Machine Learning Infrastructure Engineer

United States, New York
Permanent
Job ID: 2486

Job Description


[Up to c. $375k Comp Package | Office-Led Working]


Role Overview

We’re working with a leading global investment firm investing heavily in its AI capability, particularly across generative AI and advanced machine learning use cases. This position sits within a specialist engineering group responsible for building and evolving the platforms that enable large-scale model development and deployment. This is a highly technical role focused on enabling ML teams to operate effectively in production. You’ll work closely with researchers and engineers to ensure that training, experimentation, and inference can run at scale - reliably, efficiently, and with clear visibility across both cloud and on-premise environments...


Key Responsibilities

  • Build and evolve the underlying infrastructure that supports compute-intensive ML and GenAI workloads
  • Develop systems that handle model training, evaluation, inference, and data preparation at scale
  • Work alongside ML practitioners to improve runtime efficiency, resource utilisation, and model responsiveness
  • Create and maintain deployment pipelines and environment provisioning using modern automation and orchestration approaches
  • Introduce robust monitoring and visibility across compute workloads, with a focus on performance and cost transparency
  • Assess emerging tools, platforms, and hardware options to enhance system capability and scalability
  • Improve system resilience through automation, better operational processes, and performance tuning
  • Diagnose and resolve bottlenecks across distributed compute environments
  • Contribute to internal standards, documentation, and platform best practices


What You’ll Bring…

  • 3-8 years’ experience in infrastructure engineering, platform engineering, or systems-focused roles supporting data or ML workloads
  • Strong grounding in distributed architecture and container-based environments (e.g.

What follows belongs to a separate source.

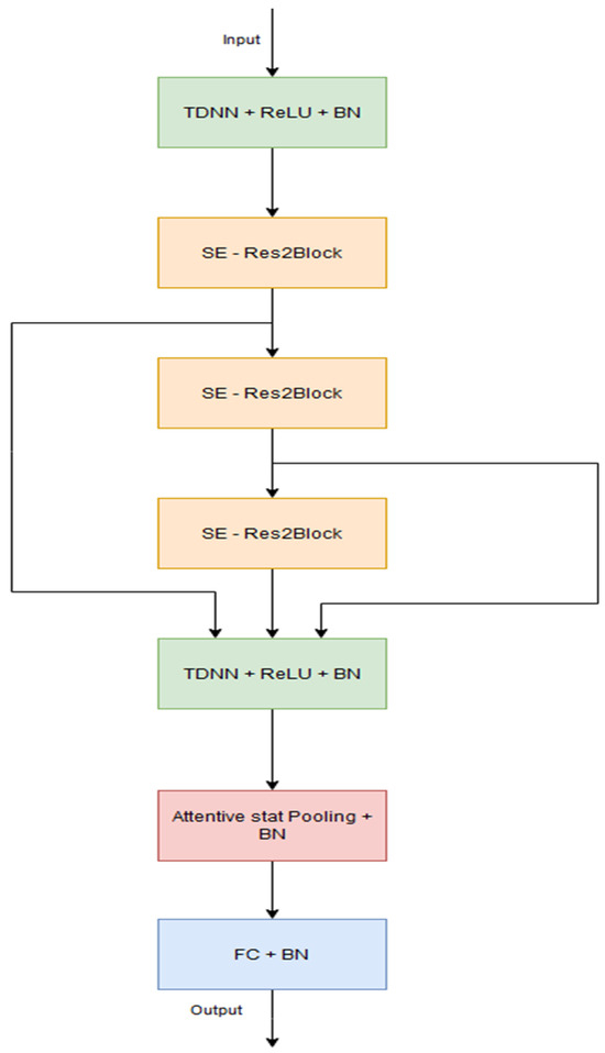 ECAPA-TDNN evolves the X-vectors’ framework with essential modifications. The time delay convolutional layers are replaced by complex one-dimensional Res2Net units embedded with skip connections. This enables the network to distinguish progressively nuanced patterns. In addition, Squeeze-and-Excitation (SE) blocks are integrated into these modules, intelligently upscaling the feature responses across channels to highlight those most critical for speaker diarization. Finally, ECAPA-TDNN augments the statistics aggregation module with the integration of attention mechanisms, allowing the network to zero in on highly relevant input regions for even more robust speaker representation. The model uses 80-dimensional log Mel Filterbank energies as inputs and generates 192-dimensional representations. The architecture is presented in Figure 2. In the presented study, we employ the variation using 1024 filters C in the convolutional layers. Both TDNN layers have a dilation spacing of 1 and kernel sizes of 5 and 1, respectively. All SE—Res2Blocks use a kernel size of 3 with increasing dilations starting from 2 at the first block. This specific model variation has 14.7 million parameters.

Kubernetes)
  • Experience working with major cloud providers (AWS, GCP, or Azure) in production settings
  • Familiarity with tooling used in ML ecosystems (such as orchestration frameworks, experiment tracking, or IaC solutions)
  • Solid programming ability in Python, plus exposure to a lower-level or performance-oriented language (e.g. Go, C++, Rust)
  • Experience supporting or optimising machine learning workloads in production environments
  • Strong troubleshooting skills, particularly around performance and scaling challenges
  • Exposure to monitoring and observability practices within high-throughput systems
  • (Preferred) Experience with advanced ML workloads such as reinforcement learning or large-scale experimentation platforms
  • (Preferred) Background in performance-critical environments (e.g. financial systems, large-scale platforms, or research compute)


...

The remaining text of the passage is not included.